Northwest Arkansas Democrat-Gazette
May Day marchers, police clash in Paris
France on edge as election nears; thousands rally elsewhere on workers’ day
PARIS — A May Day march attended by thousands of people in Paris was disrupted as scores of hooded youths threw gasoline bombs at riot police in full gear, who responded with tear gas and truncheons.
Four officers were injured, with one seriously burned in the face, Interior Minister Matthias Fekl said, denouncing the “intolerable violence.”
His statement said all would be done to identify and arrest those responsible.
In France, events for May Day — a day in which workers and activists rally for better pay and working conditions — overlapped with the campaign for Sunday’s presidential runoff. Some of the violent protesters at the May Day event in Paris had signs referring to the presidential election and expressing dissatisfaction with both candidates — far-right leader Marine Le Pen and centrist Emmanuel Macron.
“Not one or the other; instead it’s the people’s self-defense,” read one sign. “Macron=Louis XVI, Le Pen=Le Pen,” read another, referring to France’s last king and to Le Pen’s father, Jean-Marie Le Pen, whom Marine Le Pen expelled from the party in 2015 after he made anti-Semitic comments.

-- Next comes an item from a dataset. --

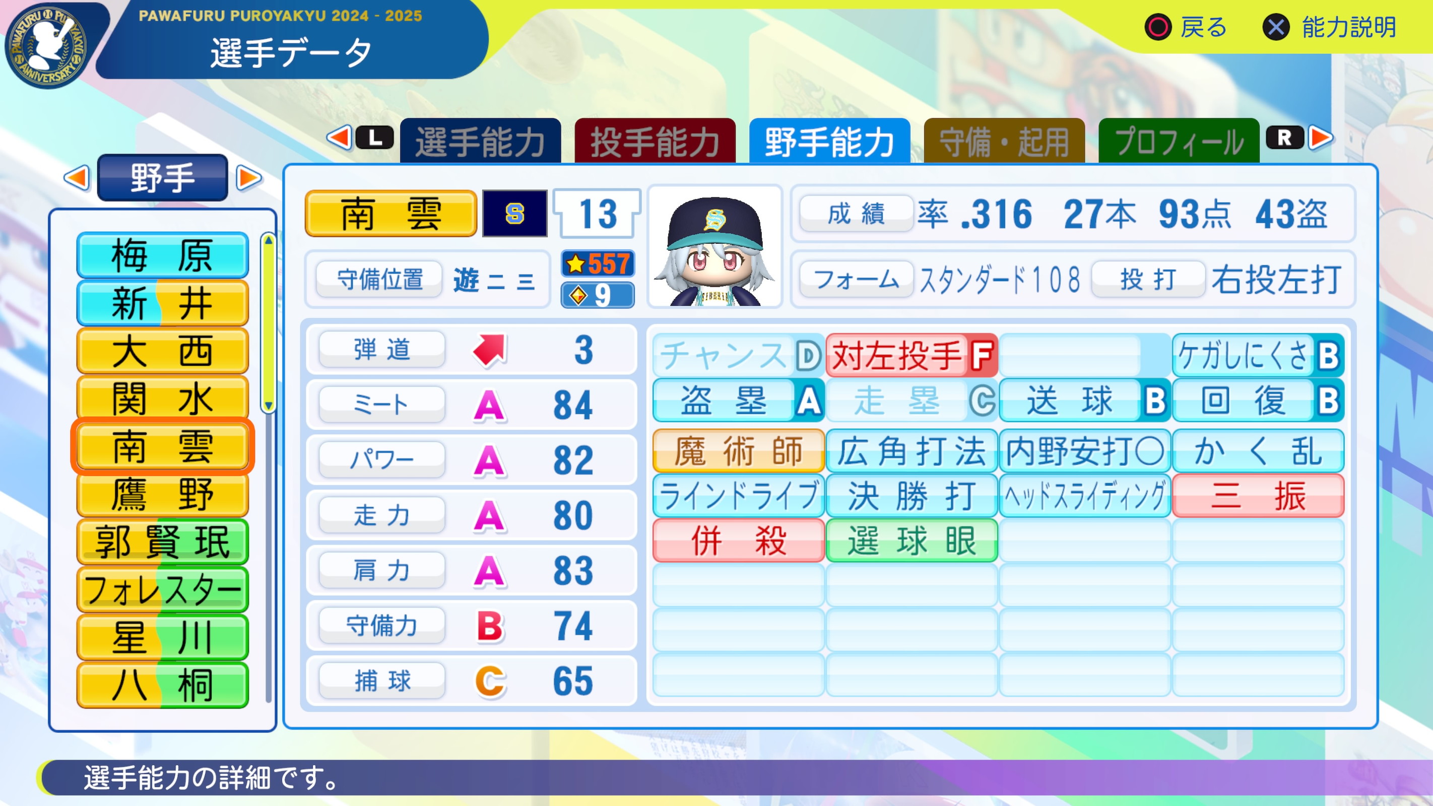 3番を打つ不動のショートストッパーです。パワー・ミートは共にAと基礎能力は高めですが、「対左投手F」や「ラインドライブ」があるので実際の成績は意外と控えめだったりします。

Jobs and finances were on the minds of many in France on Monday. Le Pen, speaking in a hall north of Paris, skewered Macron, a former investment banker, calling him a “puppet” of the world of finance and Islamic fundamentalists. She also pledged that if she is elected, she will work to drop the shared euro currency and return to the French franc. Under her proposal, international companies could continue to use the euro, while average citizens would use the franc.
Macron, meanwhile, is campaigning on pro-European, pro-free market views.
Elsewhere, police in Istanbul detained 165 people, most of them demonstrators trying to march to a symbolic square in defiance of a ban on May Day protests there.
A security department statement said another 18 people suspected of planning illegal demonstrations and possible acts of violence on May Day were detained in separate police operations.
Turkey had declared Taksim Square off-limits to May Day demonstrations for the third year in a row. Police blocked points of entry, allowing only small groups of labor union representatives to lay wreaths at a monument on the square, where 34 people were killed on May Day in 1977, when shots were fired into the crowd from a nearby building.
Spain’s two major unions called for marches in more than 70 cities under the slogan “No More Excuses.” Unions on Monday demanded that Spain’s conservative government increase wages and pensions and roll back its labor policies that made it cheaper to fire workers.
Under conservative Prime Minister Mariano Rajoy, Spain’s economy has rebounded and unemployment has dropped from 27 percent in 2013 to 19 percent, but that is still the second-highest unemployment rate in the 28-nation EU behind Greece, which faces more austerity measures imposed by bailout lenders.
In Athens, organizers planned two union rallies to protest those measures, which will include additional pension cuts and tax increases for Greeks. Greece’s largest labor union has called a general strike for May 17 to protest the austerity package.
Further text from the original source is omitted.